Nifty Options Fortune Trades.

#1
Can you believe that a Nifty Call/Put option pricing at Re.2/- can fetch upto Rs.20 or even more on an expiry day (last-15-minutes) Trade? But it's regarded as a high risk type of trade. Now let me explain the real risk involved in this trade. Let's say you purchase a Nifty Call (current month)that cost Rs.2/- at around 3.15 P.M on an expiry day. The maximum risk you are having is Rs.2/- + brokerage & transaction charges or say Rs.3/- in total. While this Call has a profit potential of Rs.17 or even more if Nifty goes up around 30 points from the buy level before 3:30 P.M. There are some conditions to fulfill to enter this kind of last-minute trade on an expiry day such as the suggested Figure example given below :-
Let's say Nifty Spot is trading at 4290 (+20 from previous close of 4270) at around 3:15 P.M on a confirmed uptrend. We buy this near ATM Nifty Call of strike price 4300 (underlying Spot Nifty at 4290) at Rs.2 or Rs.3 at around 3:15 P.M. And after 12 minutes at 3:27 P.M, Nifty goes up another 30 points from that level of 4290 thereby reaching 4320 level. That 4300 Strike price Call will have a exercise value of Rs.20/-. So, we will be able to sell it at around Rs.20 at 3:28 P.M giving us a reward of Rs.17/- with a risk of Rs.3/- within a timeframe of 15 minutes or less.
However, this is a highly time-sensitive trading and can be done by those traders who uses direct trading terminal on their PCs or has somebody at the terminal who trades on his behalf.
 
#2
I too love expiry day gambling :D put small amount of money and get big reward. Very risky trades. You may lose your money completely. So always try with max 1% of your capital.
 
#3
Can you believe that a Nifty Call/Put option pricing at Re.2/- can fetch upto Rs.20 or even more on an expiry day (last-15-minutes) Trade? But it's regarded as a high risk type of trade. Now let me explain the real risk involved in this trade. Let's say you purchase a Nifty Call (current month)that cost Rs.2/- at around 3.15 P.M on an expiry day. The maximum risk you are having is Rs.2/- + brokerage & transaction charges or say Rs.3/- in total. While this Call has a profit potential of Rs.17 or even more if Nifty goes up around 30 points from the buy level before 3:30 P.M. There are some conditions to fulfill to enter this kind of last-minute trade on an expiry day such as the suggested Figure example given below :-
Let's say Nifty Spot is trading at 4290 (+20 from previous close of 4270) at around 3:15 P.M on a confirmed uptrend. We buy this near ATM Nifty Call of strike price 4300 (underlying Spot Nifty at 4290) at Rs.2 or Rs.3 at around 3:15 P.M. And after 12 minutes at 3:27 P.M, Nifty goes up another 30 points from that level of 4290 thereby reaching 4320 level. That 4300 Strike price Call will have a exercise value of Rs.20/-. So, we will be able to sell it at around Rs.20 at 3:28 P.M giving us a reward of Rs.17/- with a risk of Rs.3/- within a timeframe of 15 minutes or less.
However, this is a highly time-sensitive trading and can be done by those traders who uses direct trading terminal on their PCs or has somebody at the terminal who trades on his behalf.
Not a bad idea
 
#6
Is there a minimum amonut to enetr options ttrading and also can someone explain me it..
Nifty options trading requires a very less amount of money. If you have Rs.10,000/-, just start trading by using around Rs.5,000/- per trade keeping a strict maximum stop loss of Rs.1000/-.
 

lalpar

Active Member
#7
Nifty options trading requires a very less amount of money. If you have Rs.10,000/-, just start trading by using around Rs.5,000/- per trade keeping a strict maximum stop loss of Rs.1000/-.
Thank you sumant..But can u let me know how to trade options or a source so that i can read and understand..

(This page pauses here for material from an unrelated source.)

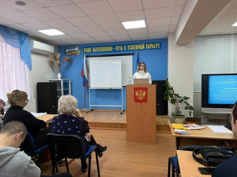 Распространение ВИЧ-инфекции представляет собой серьёзную угрозу для общества. В 2025 году доля заразившихся ВИЧ-инфекцией в возрастной группе 20-29 лет составила 5,3%. Следовательно, профилактическая работа в молодежной среде с целью предотвращения распространения болезни является особенно актуальной. 02.03.2026 года сотрудниками Центра по профилактике и борьбе со СПИД ОГБУЗ «Тамбовская инфекционная клиническая больница» было проведено мероприятие в рамках «Всероссийской Акции «Стоп ВИЧ/СПИД»» для 47 студентов Тамбовского филиала АНО ВО «Российский новый университет». Специалисты прочитали лекцию на тему «Что такое ВИЧ-инфекция?», в ходе которой слушателей проинформировали об основных путях передачи заболевания, способах защиты и профилактики. Участники мероприятия проявляли заинтересованность, задавали уточняющие вопросы.

For ex we have put and call..But we can also buy put and sell put..whats the diff?..

Suppose i but nifty 4400 call at 148..Then when will i be in profit and if it falls when do i need to square..

REgards
Lalith
 

mahesh2007

Active Member
#8
Thank you sumant..But can u let me know how to trade options or a source so that i can read and understand..

For ex we have put and call..But we can also buy put and sell put..whats the diff?..

Suppose i but nifty 4400 call at 148..Then when will i be in profit and if it falls when do i need to square..

REgards
Lalith
Writing(selling) the option carries much more risk than buying an option.
In writing an option u get a definite premium and indefinite liability.
u shall be liable to pay all M2M loss arose due to change in premium.
Buying a put always carries lesser risk than writing a call and vice versa.
if u buy nifty 4400 call at 148 then u shall break even at 4548+brokerage.
Above that u shall be in profit.
 

leo_3455

Active Member
#9
Thank you sumant..But can u let me know how to trade options or a source so that i can read and understand..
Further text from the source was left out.